Please reproduce the lines of the records below from the one holding "Immagini derivanti dal" through the one holding "Este biombo decorativo", inclusive, skipping all pictures.
START Recorded information
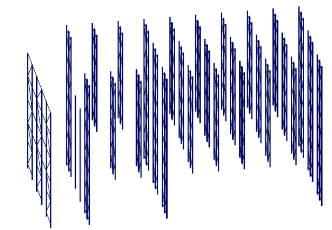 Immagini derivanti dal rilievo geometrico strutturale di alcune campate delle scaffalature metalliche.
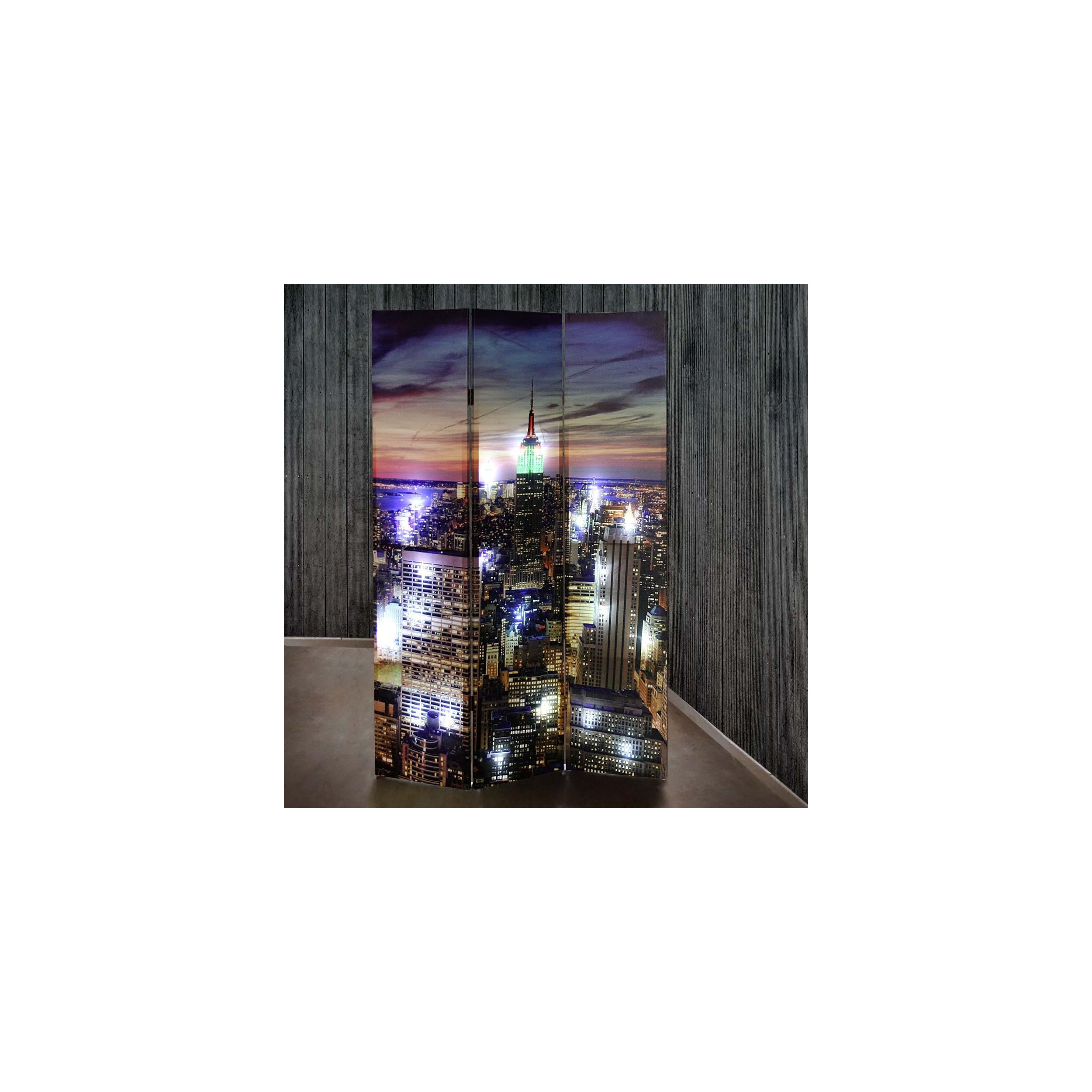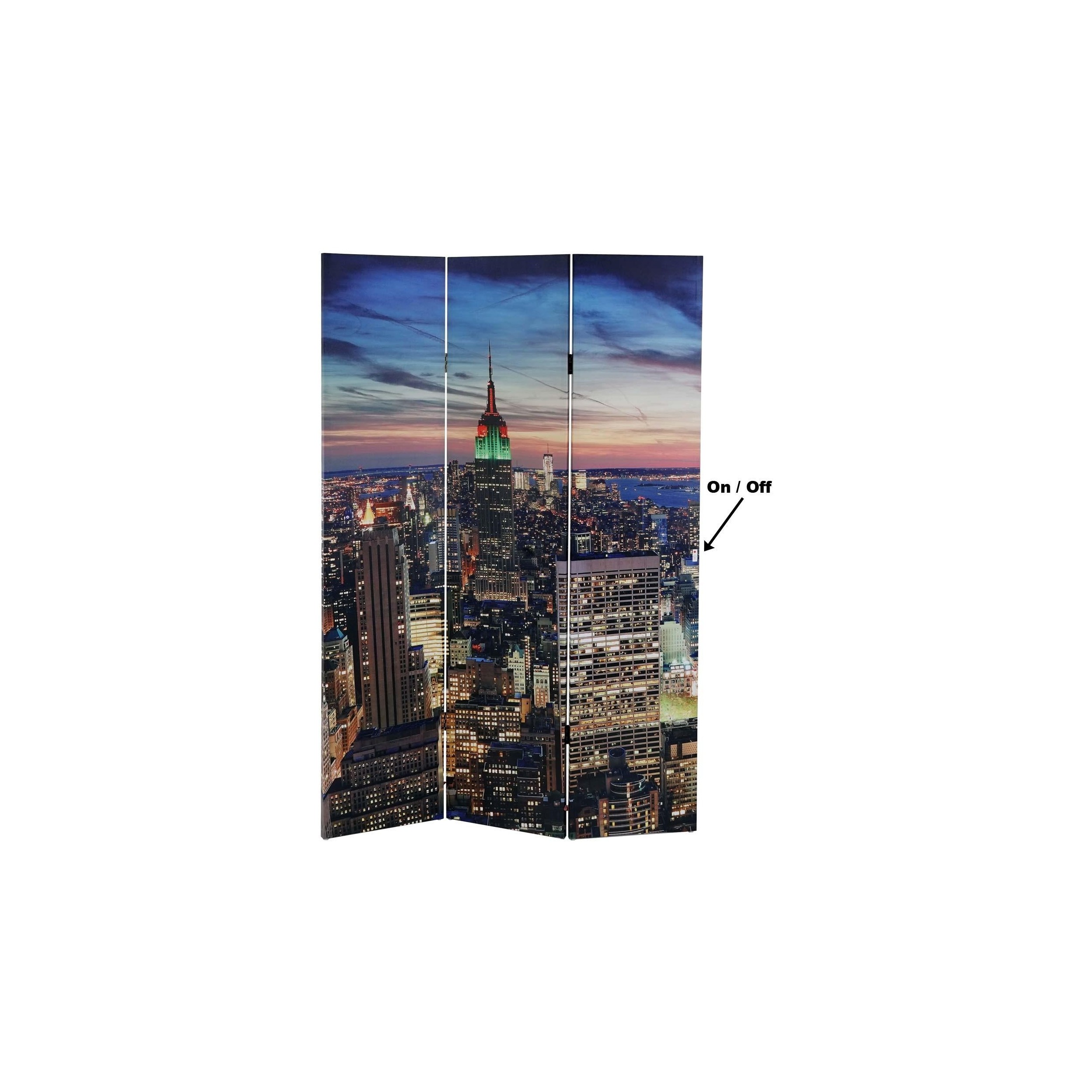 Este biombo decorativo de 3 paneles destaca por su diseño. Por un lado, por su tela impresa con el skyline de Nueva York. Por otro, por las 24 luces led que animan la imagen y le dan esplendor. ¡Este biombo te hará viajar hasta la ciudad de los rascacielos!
END Recorded information
START Recorded information
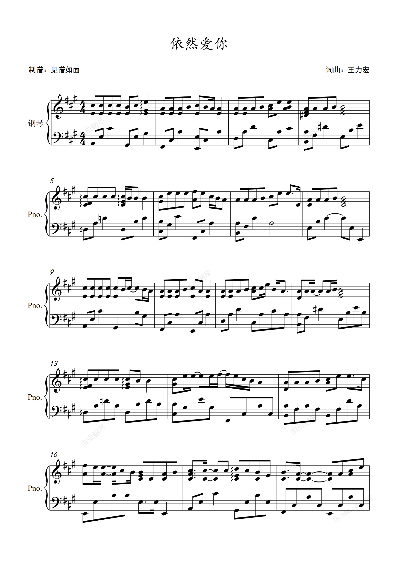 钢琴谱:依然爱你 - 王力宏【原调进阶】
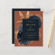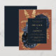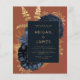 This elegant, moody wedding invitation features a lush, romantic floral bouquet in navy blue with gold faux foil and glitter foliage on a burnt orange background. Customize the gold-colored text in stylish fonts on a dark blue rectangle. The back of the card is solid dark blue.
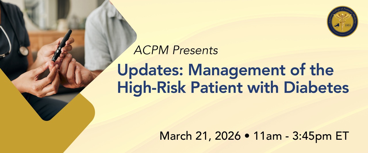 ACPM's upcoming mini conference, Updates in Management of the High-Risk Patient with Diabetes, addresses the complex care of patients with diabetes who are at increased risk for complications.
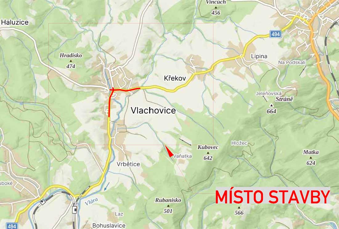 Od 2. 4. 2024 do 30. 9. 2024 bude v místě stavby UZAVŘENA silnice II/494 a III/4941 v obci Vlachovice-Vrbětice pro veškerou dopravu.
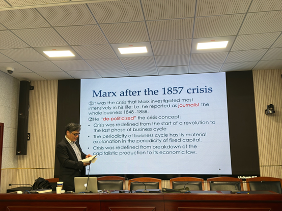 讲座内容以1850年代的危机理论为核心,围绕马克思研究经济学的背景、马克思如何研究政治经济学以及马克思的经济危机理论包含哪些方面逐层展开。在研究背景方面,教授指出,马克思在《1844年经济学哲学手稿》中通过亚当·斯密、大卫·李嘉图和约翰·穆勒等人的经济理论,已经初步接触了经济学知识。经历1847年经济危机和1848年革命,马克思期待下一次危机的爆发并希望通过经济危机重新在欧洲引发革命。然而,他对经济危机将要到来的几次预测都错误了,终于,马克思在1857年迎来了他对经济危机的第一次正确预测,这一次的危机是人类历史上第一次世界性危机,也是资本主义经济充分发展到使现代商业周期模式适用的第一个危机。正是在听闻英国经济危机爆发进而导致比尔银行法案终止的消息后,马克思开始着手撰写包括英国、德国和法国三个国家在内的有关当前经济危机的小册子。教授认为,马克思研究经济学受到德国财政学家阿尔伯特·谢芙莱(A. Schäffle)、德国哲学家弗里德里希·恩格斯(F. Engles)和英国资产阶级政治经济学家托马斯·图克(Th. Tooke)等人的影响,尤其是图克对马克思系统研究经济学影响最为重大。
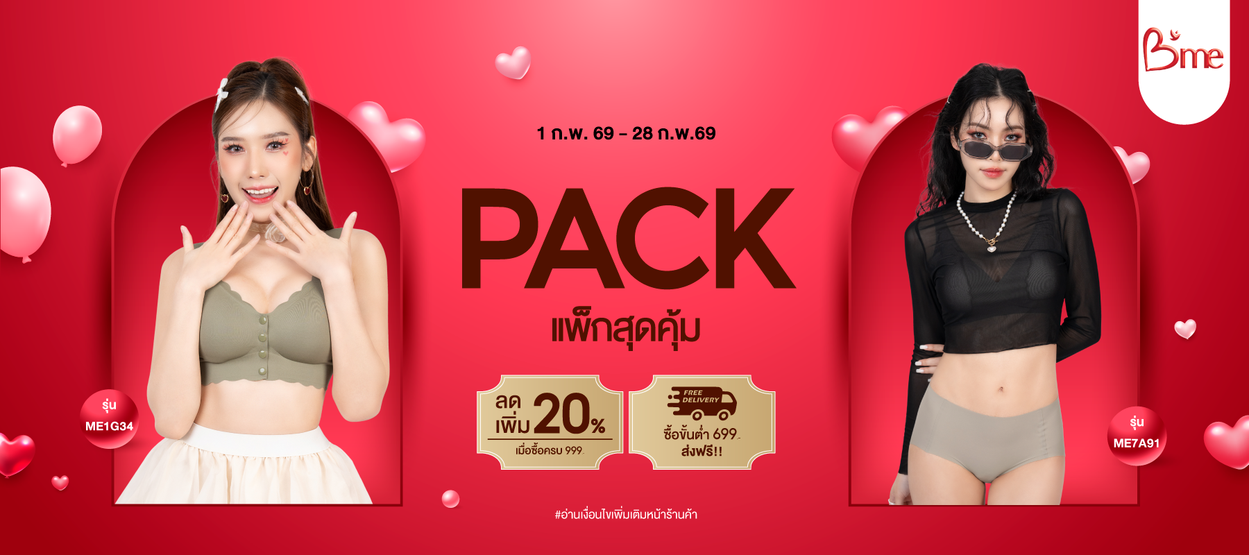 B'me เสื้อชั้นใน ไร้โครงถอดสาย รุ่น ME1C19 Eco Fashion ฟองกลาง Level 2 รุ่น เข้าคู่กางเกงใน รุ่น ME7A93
END Recorded information
START Recorded information
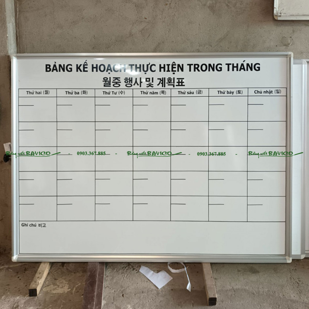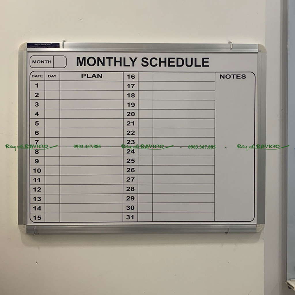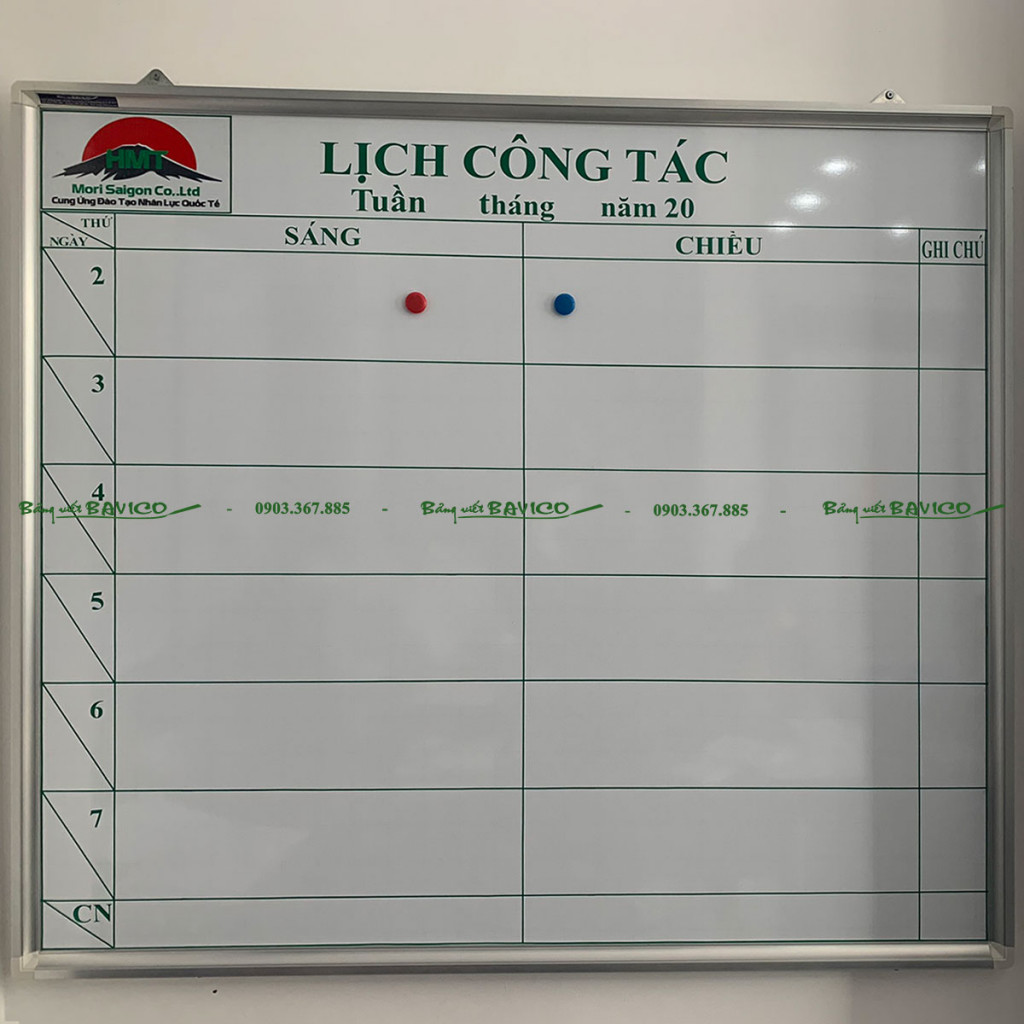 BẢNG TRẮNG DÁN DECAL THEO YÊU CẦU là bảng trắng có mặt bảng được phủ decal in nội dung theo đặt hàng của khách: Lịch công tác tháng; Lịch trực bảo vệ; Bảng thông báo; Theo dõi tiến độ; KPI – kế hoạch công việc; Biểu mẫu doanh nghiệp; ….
END Recorded information
--- Response to the exercise ---
 Immagini derivanti dal rilievo geometrico strutturale di alcune campate delle scaffalature metalliche.
 Este biombo decorativo de 3 paneles destaca por su diseño. Por un lado, por su tela impresa con el skyline de Nueva York. Por otro, por las 24 luces led que animan la imagen y le dan esplendor. ¡Este biombo te hará viajar hasta la ciudad de los rascacielos!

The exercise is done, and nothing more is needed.